*** Data for processing ***
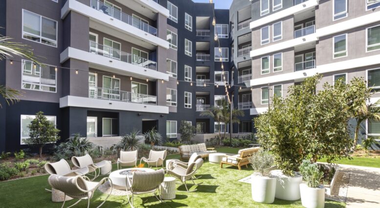 Cloud House also leans into remote‑work culture. The first floor hosts a coworking lounge with private phone pods, a conference table, and a golf simulator—amenities Bonanni added after tenant surveys at its sister property in Anaheim showed WFH demand outstripping gym time. Two landscaped courtyards at grade give pets and children protected play zones away from traffic on the state highway.
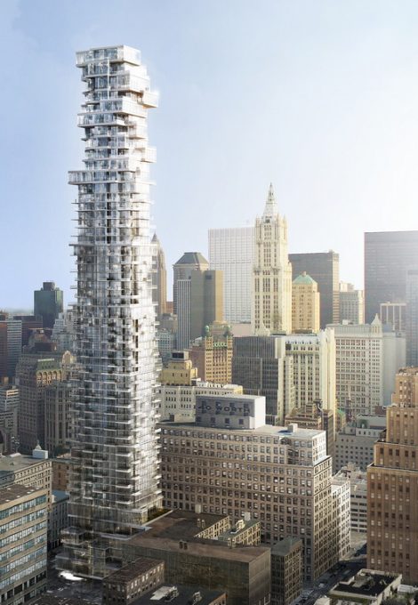 The cantilevers that make up the building offer a jagged silhouette that can be seen for miles around, even in the midst of the large buildings that make up the Tribeca district in Manhattan.
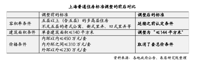 其中,上海对普通住宅的认定标准进行了优化,剔除了价格标准,同时提高了建筑面积标准,从140平方米提高至144平方米。
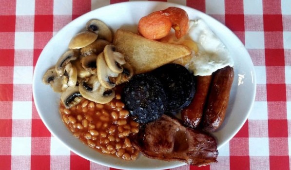 Brittiläisillä on aamiainen myöhään, mutta perusteellisesti. Tällä hetkellä he syö munia, pekonia, sieniä, mustaa vanukkaa, papuja, tomaattia, makkaraa ja paahtoleipää.
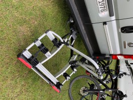 Bei diesem Träger kann man die Hecktüren öffnen, auch wenn die Fahrräder montiert sind! Der Träger hat drei Schienen, wobei die erste Schiene zum Fahrzeug hin frei bleiben muss.
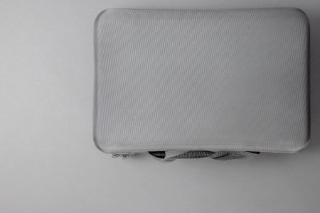 Closed gray suitcase made of fabric on a gray background. Copy space
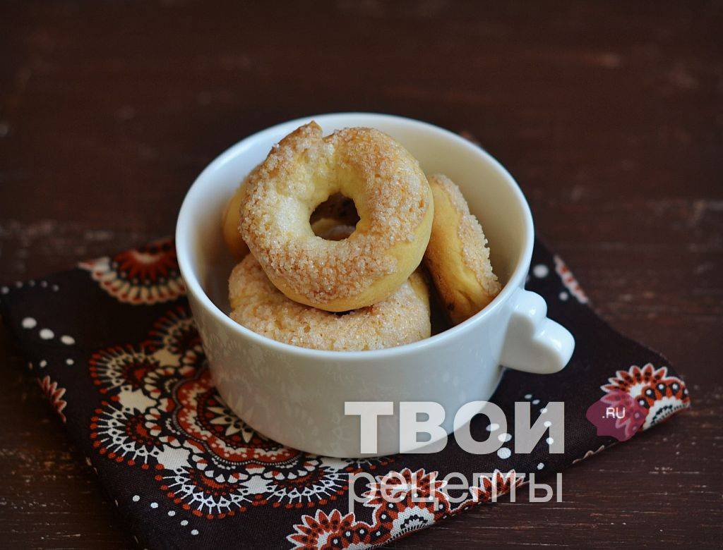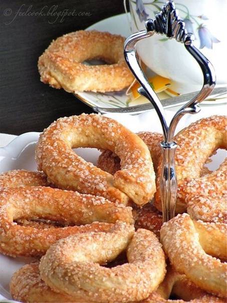 Когда тесто в последний раз настоится, выкладываем его на, притрушенный небольшим количеством муки, кухонный стол и снова хорошо его вымешиваем руками в течение 1-2 минут.После этого с помощью ножа разрезаем тестовый кусок на небольшие кусочки, чтобы с ними было легче работать. И теперь из каждого кусочка руками формируем тоненькую «колбаску», диаметром примерно 1 сантиметр. Ножом разрезаем каждую колбаску на небольшие жгутики размером 4 — 5 сантиметров.Из каждого жгутика формируем овальные крендельки и пока что откладываем в сторону. Когда все печенье будет сформировано, высыпаем в пиалу сахар, и каждый крендель обваливаем в нем со всех сторон.Сразу же после этого застилаем противень бумагой для запекания и выкладываем печенье на небольшом расстоянии друг от друга. Выпекаем блюдо в духовке в течение 15 минут при температуре 180°С до появления не его поверхности золотистого цвета.По истечении отведенного времени достаем противень с помощью кухонных прихваток и отставляем в сторону остывать на 15-20 минут.
*** End of Data for processing ***
* What you have to do *
Give again, exactly as written above, every line from the one holding "其中,上海对普通住宅的认定标" to the one holding "Closed gray suitcase", with both ends kept and the pictures left out.

* Response *
 其中,上海对普通住宅的认定标准进行了优化,剔除了价格标准,同时提高了建筑面积标准,从140平方米提高至144平方米。
 Brittiläisillä on aamiainen myöhään, mutta perusteellisesti. Tällä hetkellä he syö munia, pekonia, sieniä, mustaa vanukkaa, papuja, tomaattia, makkaraa ja paahtoleipää.
 Bei diesem Träger kann man die Hecktüren öffnen, auch wenn die Fahrräder montiert sind! Der Träger hat drei Schienen, wobei die erste Schiene zum Fahrzeug hin frei bleiben muss.
 Closed gray suitcase made of fabric on a gray background. Copy space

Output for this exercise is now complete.